Sirena to La Leona Trail

This 16-kilometer hike follows the shoreline through coastal forest and along deserted, pristine beaches. Just south of the Sirena ranger station you’ll need to cross Río Claro. This trek takes around six hours. You can camp at La Leona, or hike another 4 kilometers to Carate, where you can stay in a lodge or take a taxi back to Puerto Jiménez.

Sirena to San Pedrillo Trail

The trail between Sirena and San Pedrillo is the longest and toughest in Corcovado, covering 24 kilometers in 10 to 13 hours. The first 17 kilometers are along the beach; the soft sand and intense sun can be grueling, especially if you’re carrying a big pack. There are three rivers to cross on this trail. Be sure to time your trek to avoid high tide by departing around two hours before low tide. Crossing the rivers is extremely difficult during high tide, not to mention bull sharks are often present in the waters at this time. The first river crossing you’ll come to, Río Sirena, is around a kilometer from Sirena. It’s notorious as a hotspot for bull sharks and crocodiles and should not be crossed at high tide. The Río Sirena becomes impassable during the rainy season and as a result, is only open from December to April.

Getting There & Away

As mentioned above, the main entry points to the park are the towns of Puerto Jiménez or Bahía Drake. Puerto Jiménez is a lot more developed; it’s got plenty of accommodations, from budget hostels up to luxurious lodges, a wide range of restaurants and even a few bars. Bahía Drake is very remote and there’s not much there besides the basics.
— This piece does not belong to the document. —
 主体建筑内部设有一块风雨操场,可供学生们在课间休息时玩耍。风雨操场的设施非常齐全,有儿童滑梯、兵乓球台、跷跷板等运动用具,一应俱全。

While Bahía Drake has beautiful natural surroundings, I’d recommend Puerto Jiménez or Carate as being a better choice of the entry point to the park. You’ll be getting your fill of stunning nature either way once you explore the park and if you realize you’ve forgotten something at the last minute you can pick it up in Puerto Jiménez, whereas you’re probably out of luck if you’re in Bahía Drake.

Puerto Jiménez

NatureAir and Sansa each provide daily flights to and from San José, which cost around 120 USD (one-way). There are two buses (each way) between San José and Puerto Jiménez, which takes around eight hours and costs around 10 USD. If you wish to drive yourself (or a hire a driver), it takes around five hours to get from San José to Puerto Jiménez.

Bahía Drake

NatureAir and Sansa also have regular flights to the Drake airstrip, and also cost around 120 USD. Since Bahía Drake is so remote, getting there by land is difficult and will probably require you have your own 4WD vehicle.